§ Your instructions: All that is wanted is the line with "Campanile di San" and each line after it to the end of the data below, set down exactly and without pictures.

Extracted records
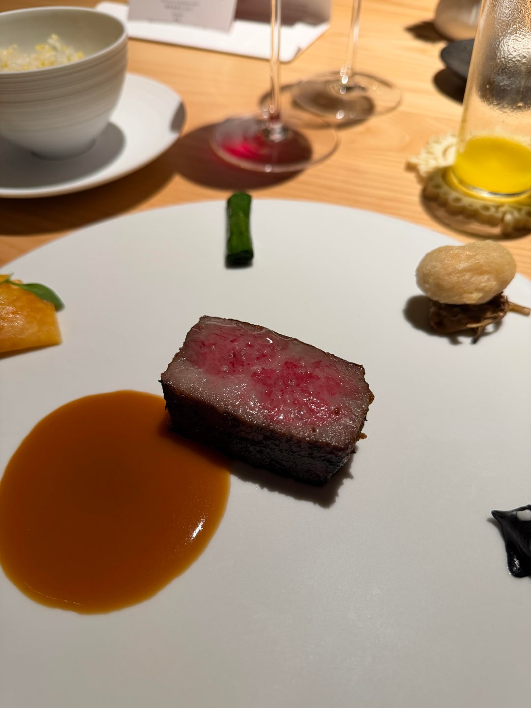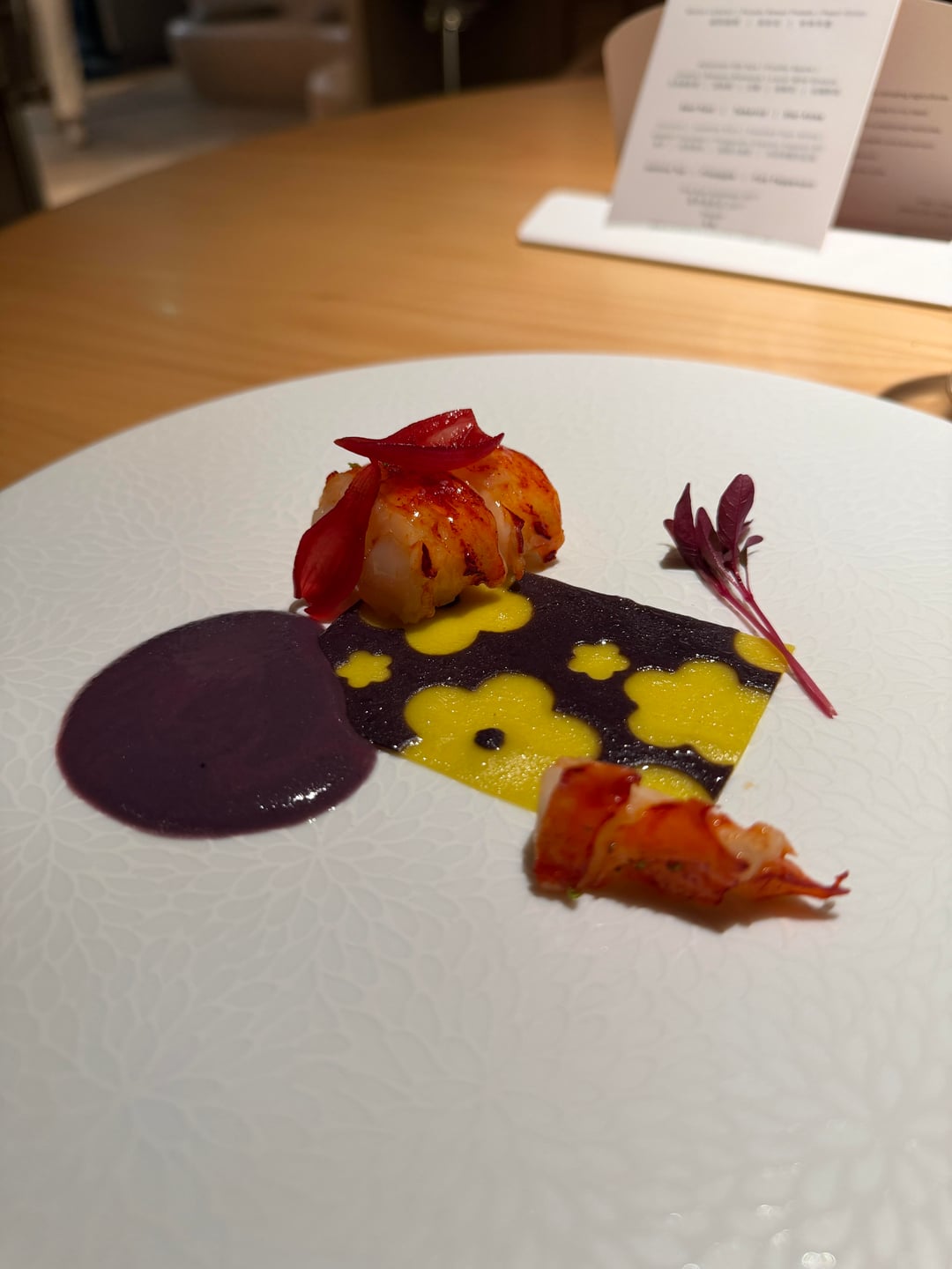 6. Maine lobster, served with noodles in the middle and a sauce, both made out of purple sweet potatoes from Taiwan. I think this was unfortunately the weakest link among the courses. There was nothing wrong with the execution, but at the same time, nothing unique about it either. Tasty, nonetheless.
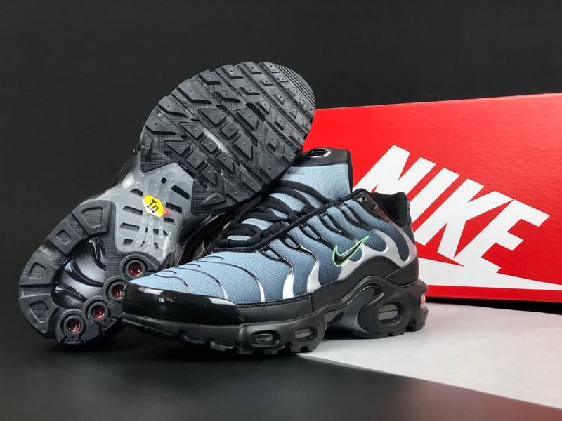 артикул 12078 чорні з блакитним сезон: демісезонні виробник: В`єтнам модель: Nike Air Max Plus TN розміри: 41 42 43 44 45 46 матеріал: прес шкіра, щільна сітка, підошва пінка на повітряних подушках
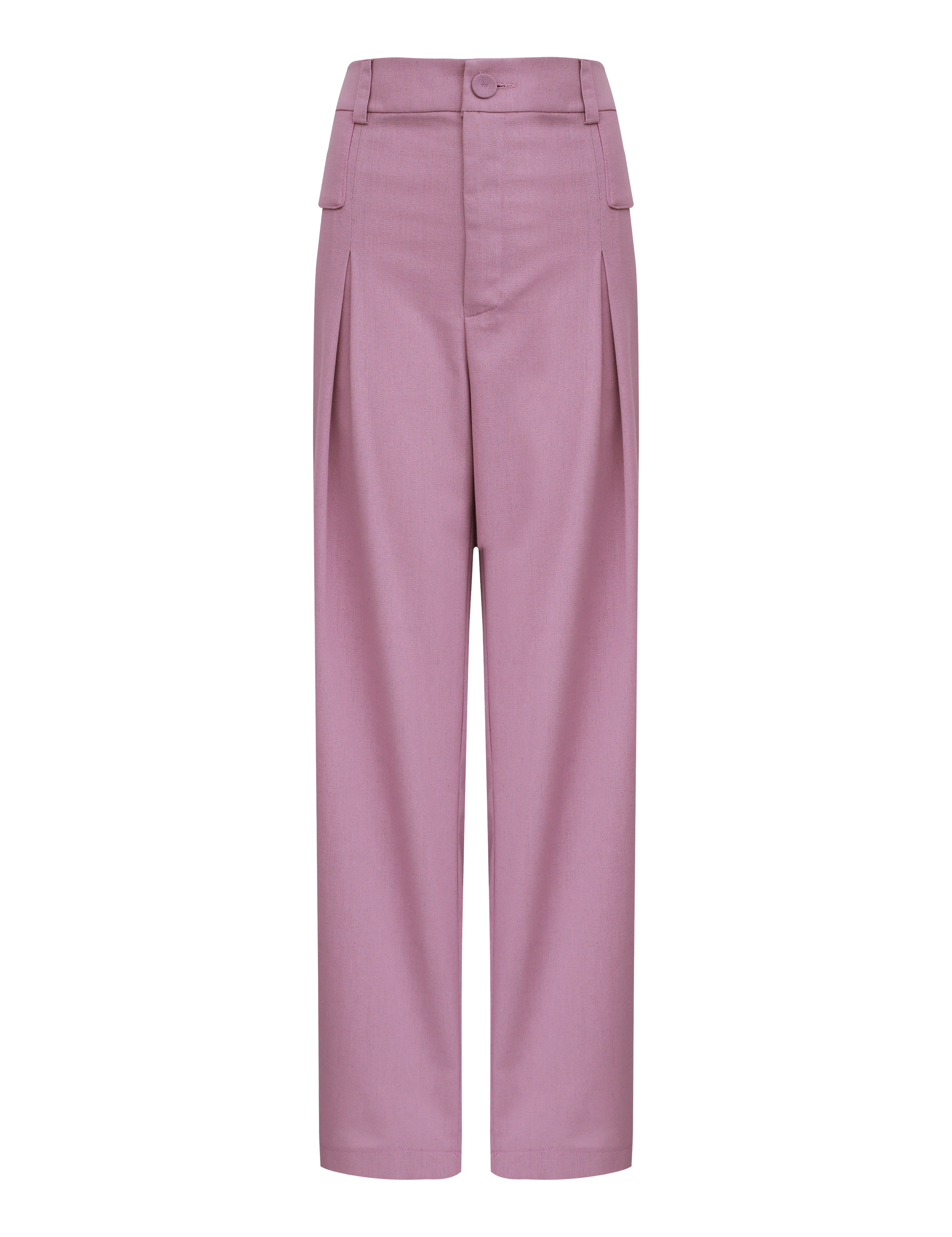 Conjunto confeccionado em linho. O top possui forro, alças largas com reguladores de metal, decote coração com pala e recortes que modelam o busto, barbatanas e recortes na cintura estilo corset, seguido de babadinho, fechamento traseiro por zíper de metal com conchinha da Laguna gravada pingente e lastex franzido nas costas para melhor ajuste ao corpo. A calça possui modelagem de alfaiataria, com cintura ajustada e pernas retas; fechamento frontal por zíper e botão forrado, passante no cós, pregas frontais e detalhe de lapela dobrada fixa nas laterais.
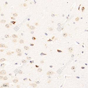 IHC检测GOLPH2蛋白(货号 GB113465). 样品: 小鼠脑, 4%多聚甲醛 (货号G1101) 固定12-24小时. 抗原修复: 柠檬酸抗原修复液(干粉, pH 6.0) (G1201), 98℃, 20分钟. —抗: 1: 3000稀释, 4℃ 孵育过夜. 二抗: HRP标记山羊抗兔IgG (H+L) (货号GB23303), 1: 200稀释, 室温孵育1小时. |
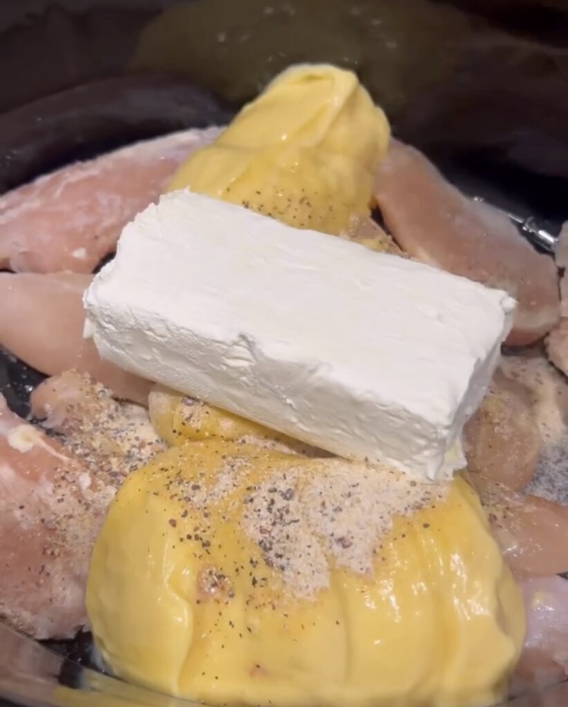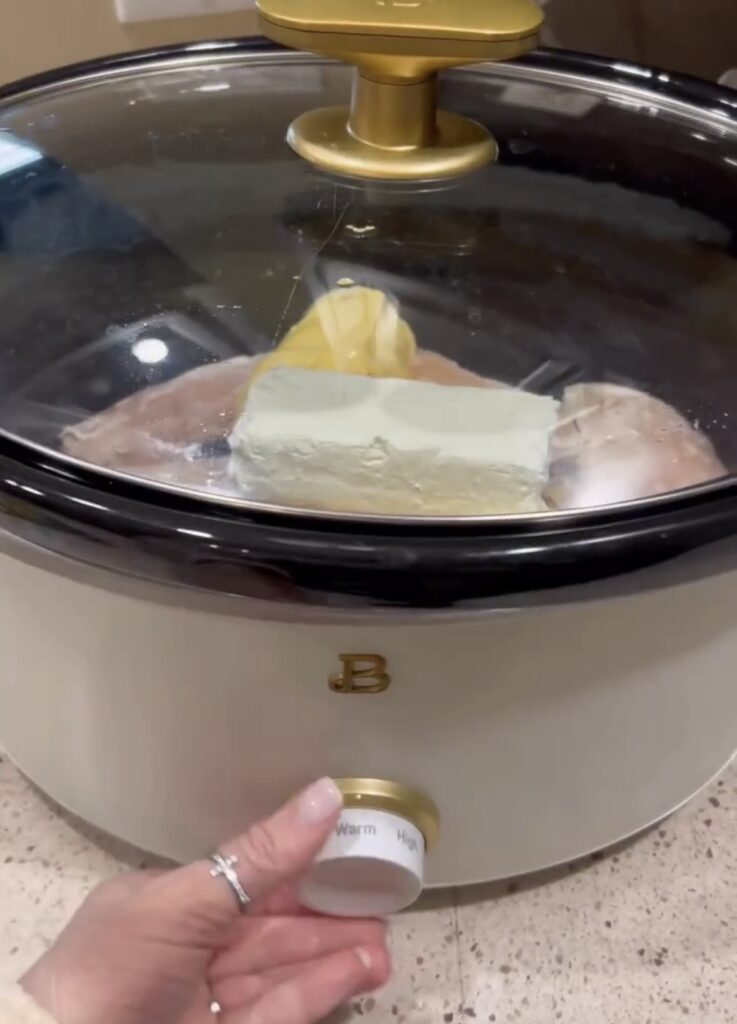 - add 3-4 chicken breasts in the bottom of a slow cooker
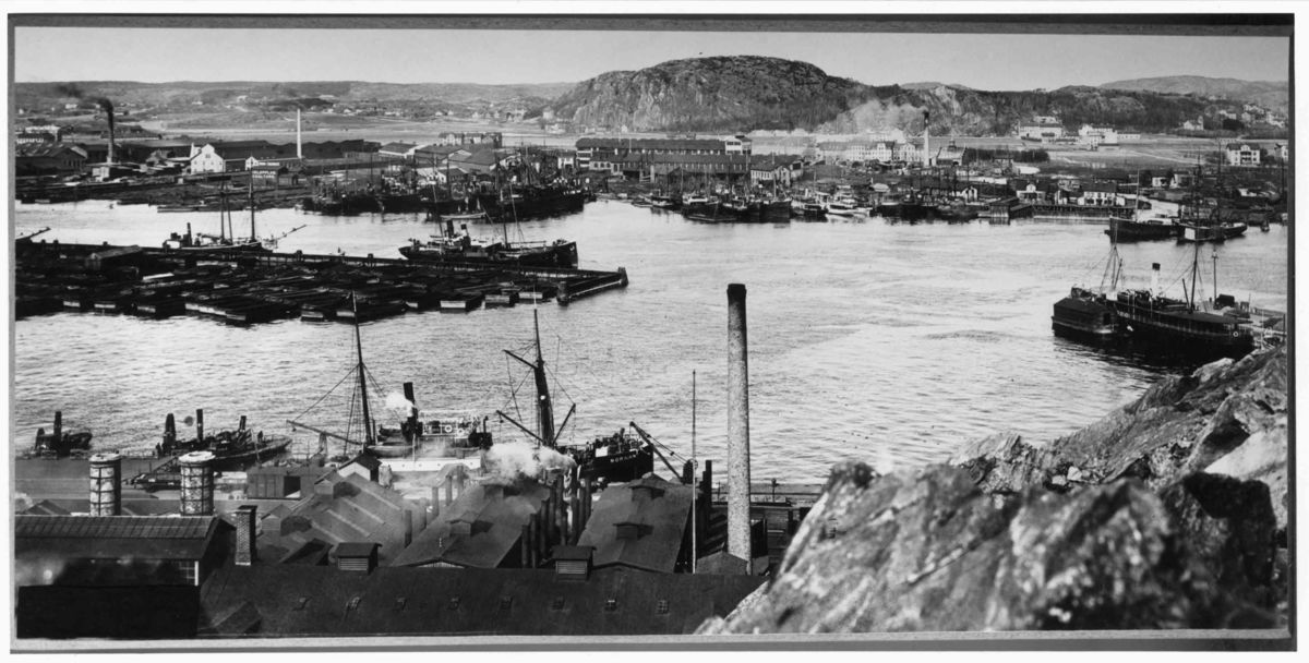 Fotografiet är taget från Stora Otterhällan. På bilden syns Götaverken på Hisingssidan och i förgrunden varvets gamla läge, där Keillers verkstad ursprungligen låg.
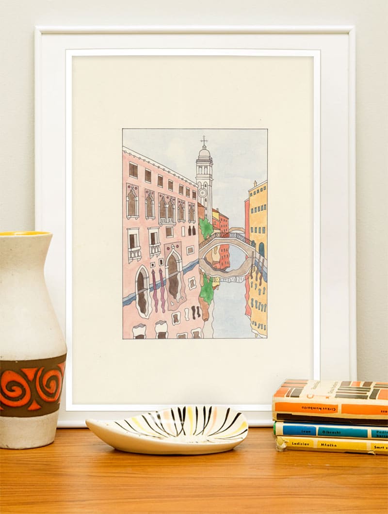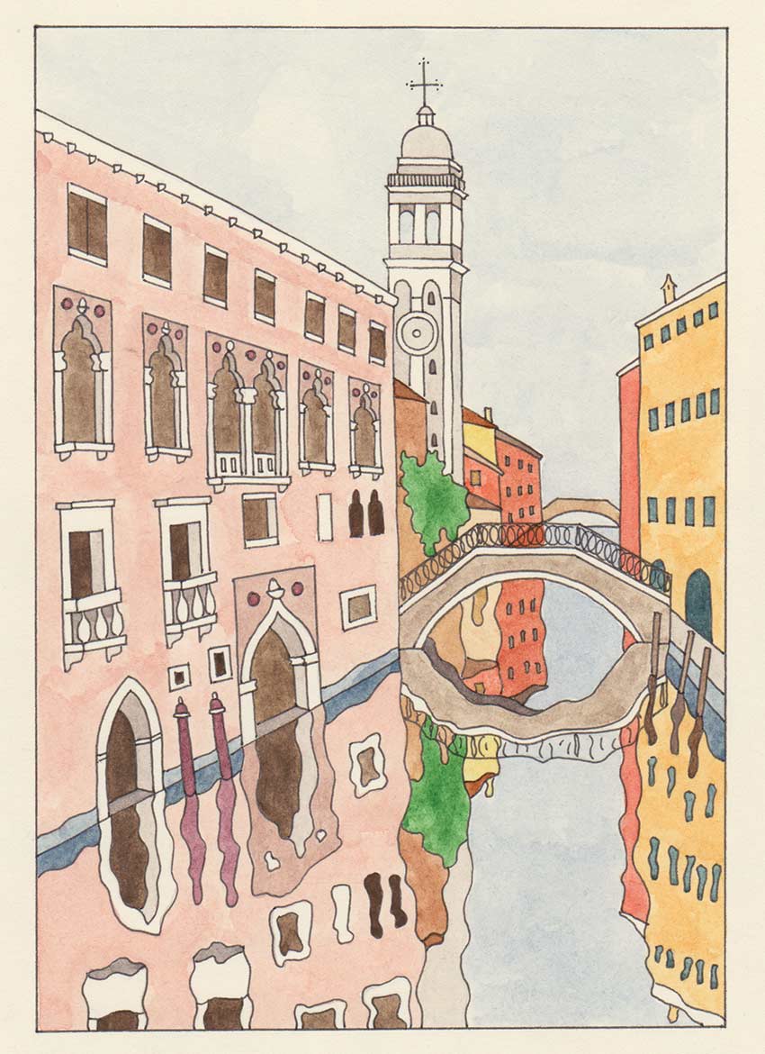 Campanile di San Giorgio dei Greci è un disegno a penna originale colorato con acquerello su carta avorio Favini acid-free 200 gr
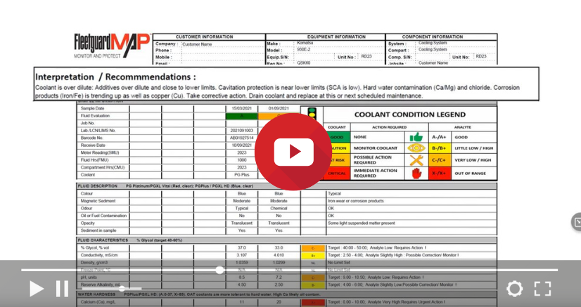 Each report highlights potential coolant system issues such as signs of corrosion/erosion/ cavitation, contamination, glycol degradation due to overheating, air leaks, additive level depletion, coolant dilution, electrolysis and overall coolant health and recommends if action needs to be taken.
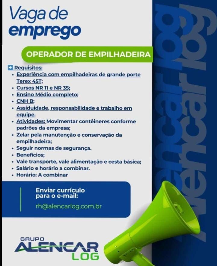 Grupo Alencar log seleciona Operador de empilhadeira; Envie seu currículo!

§ Exercise response:
 Campanile di San Giorgio dei Greci è un disegno a penna originale colorato con acquerello su carta avorio Favini acid-free 200 gr
 Each report highlights potential coolant system issues such as signs of corrosion/erosion/ cavitation, contamination, glycol degradation due to overheating, air leaks, additive level depletion, coolant dilution, electrolysis and overall coolant health and recommends if action needs to be taken.
 Grupo Alencar log seleciona Operador de empilhadeira; Envie seu currículo!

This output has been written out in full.